The system of negotiation for nurses has changed since 1970. The Minister will recall that we levelled criticism at the Minister's predecessor for allowing the manager's association, who had no statutory function, to negotiate at all. I am glad that position has been rectified by the establishment of the board for local government employees, upon which are represented some, if not all of the chief executive officers of the health boards.

The question also arises of giving credit to nurses who have been nursing abroad. It is generally recognised as extending their post-graduate experience if they qualify here in Ireland and go to hospitals in England or elsewhere before returning to take up positions here. I do not see why they should be penalised at all. This point was adverted to by Senator Boland, Senator Owens and myself already. Senator Owens mentioned the report on the Status of Married Women which advocated certain things. She suggested that if the report had been published before the Health Bill, 1970, the Minister might have seen his way to being more lenient with regard to the employment of married women in the nursing profession.

There is another aspect of this that I tried to point out to the Minister for Finance when he was before us. He increased from £45 to £74 basic relief for an employed married woman whose husband is also employed. Both Senator Alton and I, having our sights set on what the Minister had emphasised many times regarding the domiciliary nursing services, wanted him to increase the income tax relief up to £120 or £150 but the Minister for Finance would not accept this. We felt that nurses, having married and wishing to come back into service, would be deterred from doing so because the figure remained at £74.

Reverting to something which Senator Keery and Senator Ó Maoláin said, this college of nursing was never envisaged, in my view, as a type of training college for nurses but as a system of post-graduate education for nurses. The Minister mentioned that certain facilities in that regard were already in existence. There are already post-registration courses in pediatrics, psychiatry, theatre techniques and so on. There are already in existence the tutors' course in UCD, public health courses in An Bord Altranais and various part-time administrative courses. What is the reason for education is a rhetorical question. We need nurses who can plan for better nursing, who can administer nursing services in the increasingly complex situations of today. We need nurses who can plan for and welcome necessary changes. Only people who are secure in their background, education and training and do not feel threatened by new ideas can provide the atmosphere needed for progressive work in the health services.

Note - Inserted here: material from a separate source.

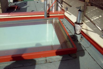 | Obr. 4: Pohľad na penové sklo s asfaltovým náterom – príprava pod krytinu | Obr. 5: Pohľad na svetlík | |

Change must be brought about in basic nursing education. This is the reason why there should be a college of nursing. I avoided in my suggestion to the Minister—though he said in his reply that he envisaged there might be something like a college of nursing set up in the College of Surgeons, that it might be a building or an institution— submitting that it might be a combination of post-graduate courses run by a body and taking place in different institutions.

It could be.

This could be an interpretation of a college of nursing. It also could be what the Minister has suggested—a college of nursing in the College of Surgeons. Which is the better or which will be the more practical I do not know. The whole purpose of this idea of the college of nursing is to make people think of what a college of nursing is and what it should be.

I want to thank the Seanad for the method in which they have received this motion. I want to end by saying that if it were not for the dedication, the loyalty and the service of the nursing profession I doubt if any of us would be in this House today to discuss their qualifications and their remuneration.

I suggest the amendment should be withdrawn seeing that it has served its purpose.

There is so much of it that is outdated. I quite understand the meaning behind it but the first part of the motion is totally outdated.

I accept that, but by withdrawing it it might appear as if there was disagreement. It could be inserted in the records that the reason it is being withdrawn is because certain portions of this motion have already been implemented.

Motion, by leave, withdrawn.
Business suspended at 6.10 p.m. and resumed at 7.30 p.m.